» PROBLEM TO SOLVE: Go to the line containing "Beautiful tired belgian" below; retype it and all following lines exactly, and leave out the pictures.

» RECORDED INFORMATION:

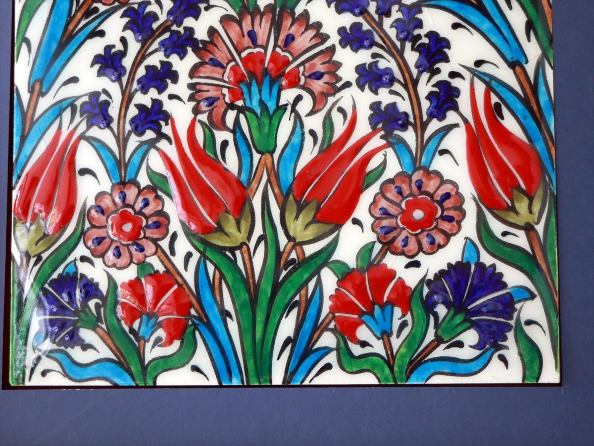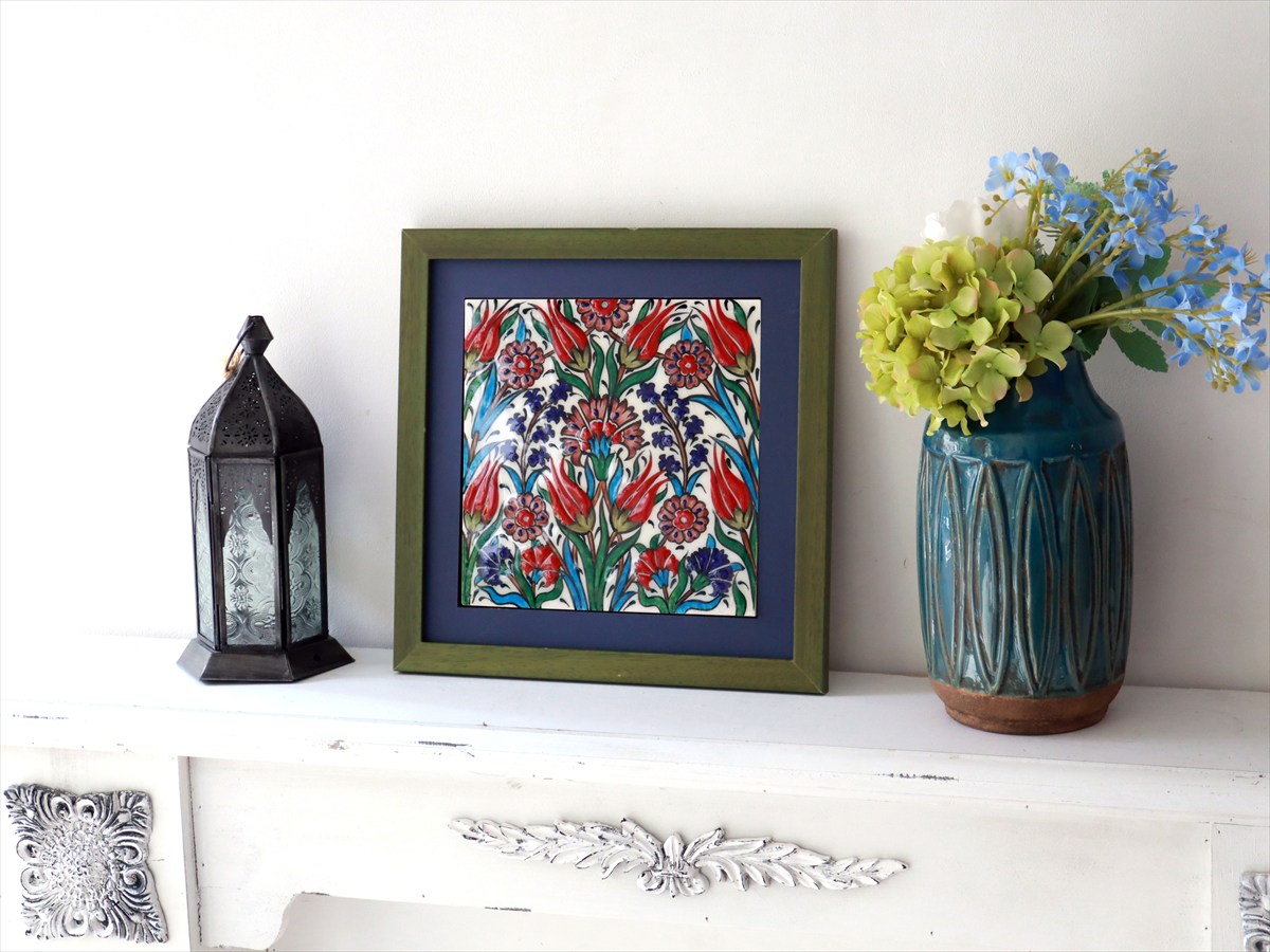 Key:タイル トルコ 陶器 イズニック キュタフヤ 手書き ハンドメイド パネル 額 インテリア 壁 ディスプレイ Iznik Tile Turkish Hand paint Handmade Ottoman Blue Mosque Kutahya
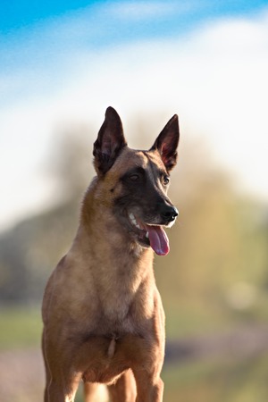 Beautiful tired belgian malinois shepherd dog with his tongue out looking at the camera.
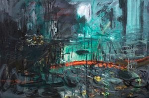 Industry rules In Vietnam. Factories can dump anything they want. In his painting, “Nine Dragon River Delta,” the dark unidentified blobs suffocate life and generate a deadly landscape.
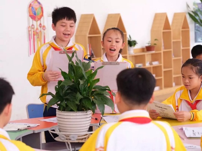 來自靖西第三小學的何瑞翔、鐘瑾涵兩位同學,率先朗誦了一首《春天的腳印》

» TASK RESPONSE:
 Beautiful tired belgian malinois shepherd dog with his tongue out looking at the camera.
 Industry rules In Vietnam. Factories can dump anything they want. In his painting, “Nine Dragon River Delta,” the dark unidentified blobs suffocate life and generate a deadly landscape.
 來自靖西第三小學的何瑞翔、鐘瑾涵兩位同學,率先朗誦了一首《春天的腳印》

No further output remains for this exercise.